TASK INSTRUCTIONS
In the copy, include exactly the lines from the one with "最近プラスATコースの3年生が勉強の合間にテーピング練習に来てくれています!" through the end of the data and no others, both ends kept, with every picture left out.

RECORDED DATA
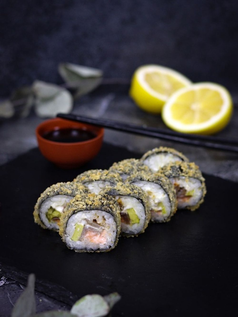 Рис, лосось, угорь, креветка, тунец, авокадо, мука, сухари (250гр)
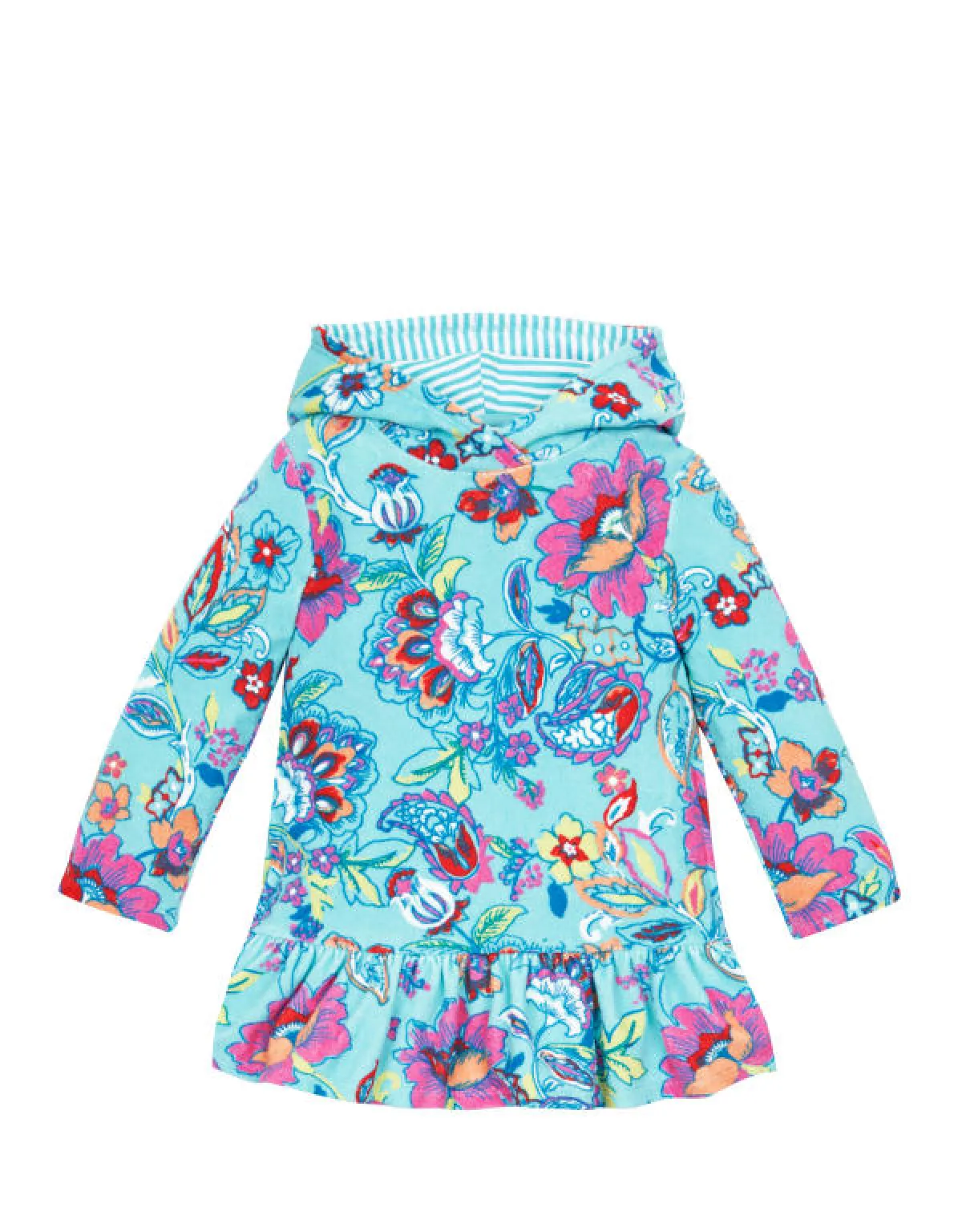 بلوزة زرقاء بكمَّين طويلين وقبعة مطبَّعة بورد ملون
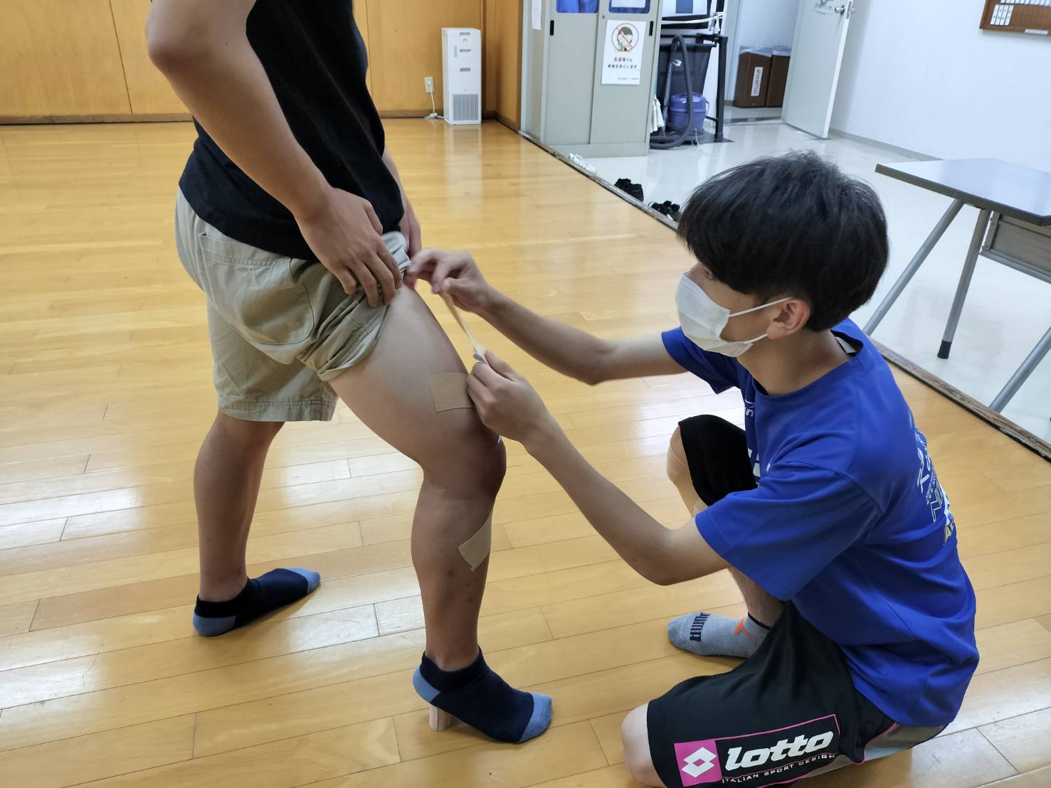 最近プラスATコースの3年生が勉強の合間にテーピング練習に来てくれています!
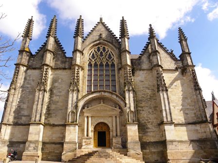 D’abord, l’église Notre-Dame : de style gothique avec une façade caractéristique des églises à pignons de Bretagne et une chaire à prêcher extérieure, une rareté. Nos accompagnateurs nous ont fait apprécier le remarquable décor intérieur enrichi au XIXe siècle, et nous reverrons cette église de nuit avec son magnifique jeu de lumières passant par les vitraux.

RESULT OF THIS EXERCISE
 最近プラスATコースの3年生が勉強の合間にテーピング練習に来てくれています!
 D’abord, l’église Notre-Dame : de style gothique avec une façade caractéristique des églises à pignons de Bretagne et une chaire à prêcher extérieure, une rareté. Nos accompagnateurs nous ont fait apprécier le remarquable décor intérieur enrichi au XIXe siècle, et nous reverrons cette église de nuit avec son magnifique jeu de lumières passant par les vitraux.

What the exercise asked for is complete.